Work required
When you reach the line with "谢斌斌引用习近平用典的例子,讲述国学的智" in the data below, begin printing lines exactly, and stop once the line with "Product details The" has been printed.

Study material

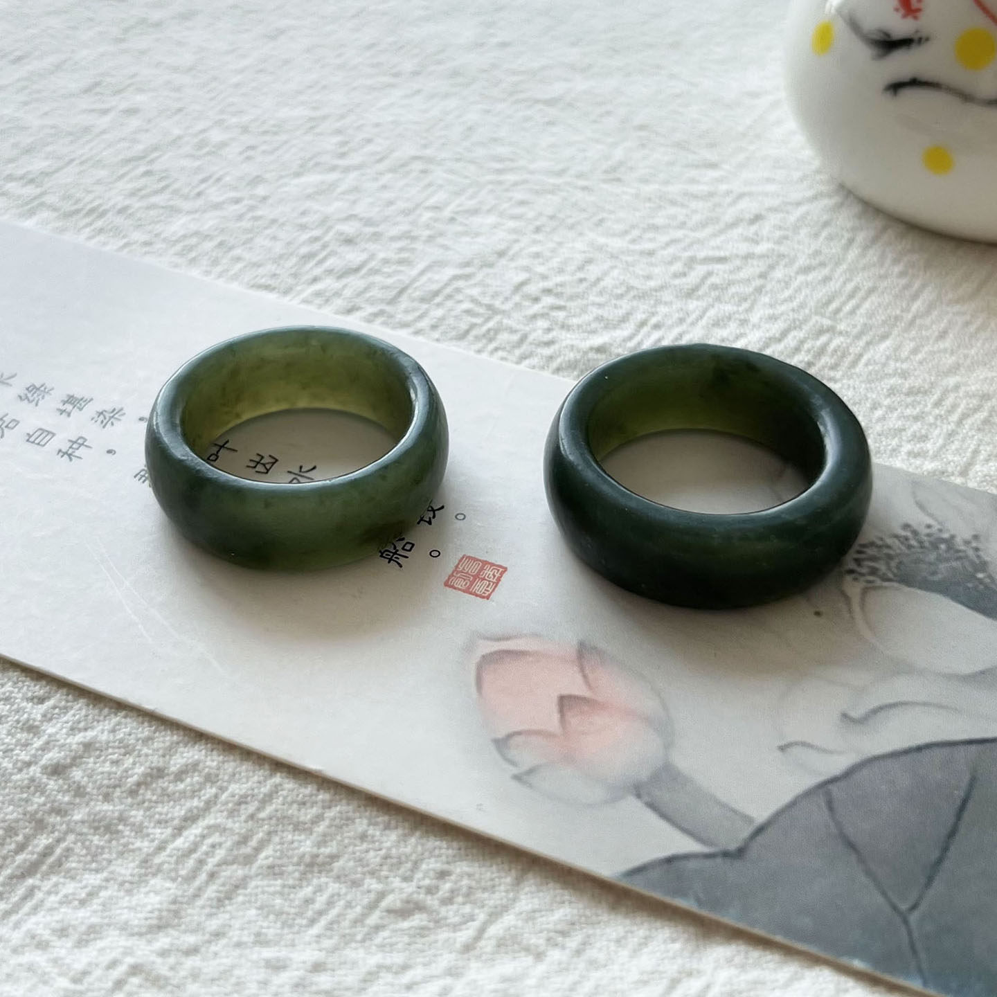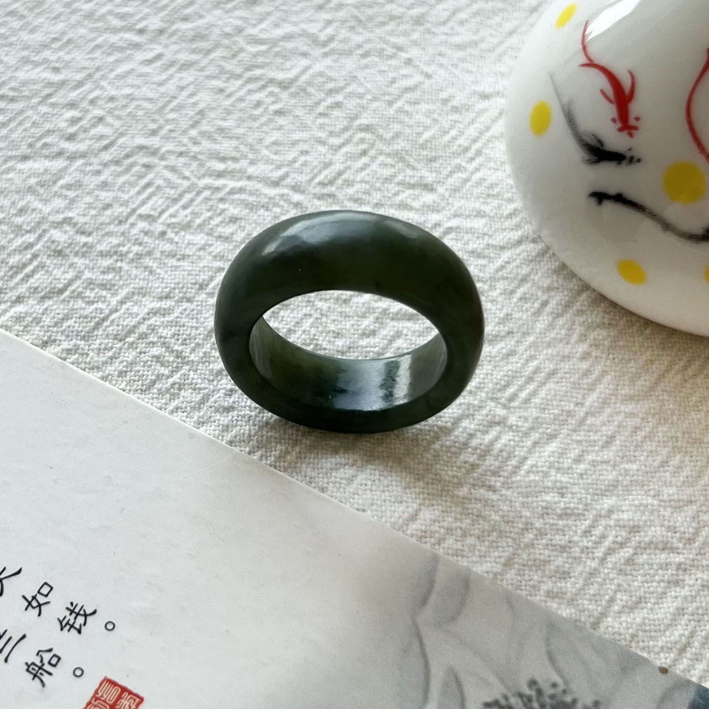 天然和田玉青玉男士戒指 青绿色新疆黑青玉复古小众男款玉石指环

==

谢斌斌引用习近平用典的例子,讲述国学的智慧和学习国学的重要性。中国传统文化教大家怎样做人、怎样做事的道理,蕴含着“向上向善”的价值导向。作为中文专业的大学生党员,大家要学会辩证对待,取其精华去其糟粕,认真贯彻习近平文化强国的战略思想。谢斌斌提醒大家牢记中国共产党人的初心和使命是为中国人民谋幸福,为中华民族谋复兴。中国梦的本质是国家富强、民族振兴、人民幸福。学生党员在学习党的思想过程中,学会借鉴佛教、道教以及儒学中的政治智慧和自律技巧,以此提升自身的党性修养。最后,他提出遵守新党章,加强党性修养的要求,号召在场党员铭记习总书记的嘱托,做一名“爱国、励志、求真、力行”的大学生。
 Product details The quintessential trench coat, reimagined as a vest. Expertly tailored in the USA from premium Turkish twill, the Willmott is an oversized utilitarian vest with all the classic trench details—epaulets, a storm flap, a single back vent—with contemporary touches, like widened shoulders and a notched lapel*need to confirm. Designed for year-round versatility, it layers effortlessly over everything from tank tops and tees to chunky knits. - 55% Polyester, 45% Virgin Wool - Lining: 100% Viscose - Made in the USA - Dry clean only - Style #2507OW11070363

Result below
谢斌斌引用习近平用典的例子,讲述国学的智慧和学习国学的重要性。中国传统文化教大家怎样做人、怎样做事的道理,蕴含着“向上向善”的价值导向。作为中文专业的大学生党员,大家要学会辩证对待,取其精华去其糟粕,认真贯彻习近平文化强国的战略思想。谢斌斌提醒大家牢记中国共产党人的初心和使命是为中国人民谋幸福,为中华民族谋复兴。中国梦的本质是国家富强、民族振兴、人民幸福。学生党员在学习党的思想过程中,学会借鉴佛教、道教以及儒学中的政治智慧和自律技巧,以此提升自身的党性修养。最后,他提出遵守新党章,加强党性修养的要求,号召在场党员铭记习总书记的嘱托,做一名“爱国、励志、求真、力行”的大学生。
 Product details The quintessential trench coat, reimagined as a vest. Expertly tailored in the USA from premium Turkish twill, the Willmott is an oversized utilitarian vest with all the classic trench details—epaulets, a storm flap, a single back vent—with contemporary touches, like widened shoulders and a notched lapel*need to confirm. Designed for year-round versatility, it layers effortlessly over everything from tank tops and tees to chunky knits. - 55% Polyester, 45% Virgin Wool - Lining: 100% Viscose - Made in the USA - Dry clean only - Style #2507OW11070363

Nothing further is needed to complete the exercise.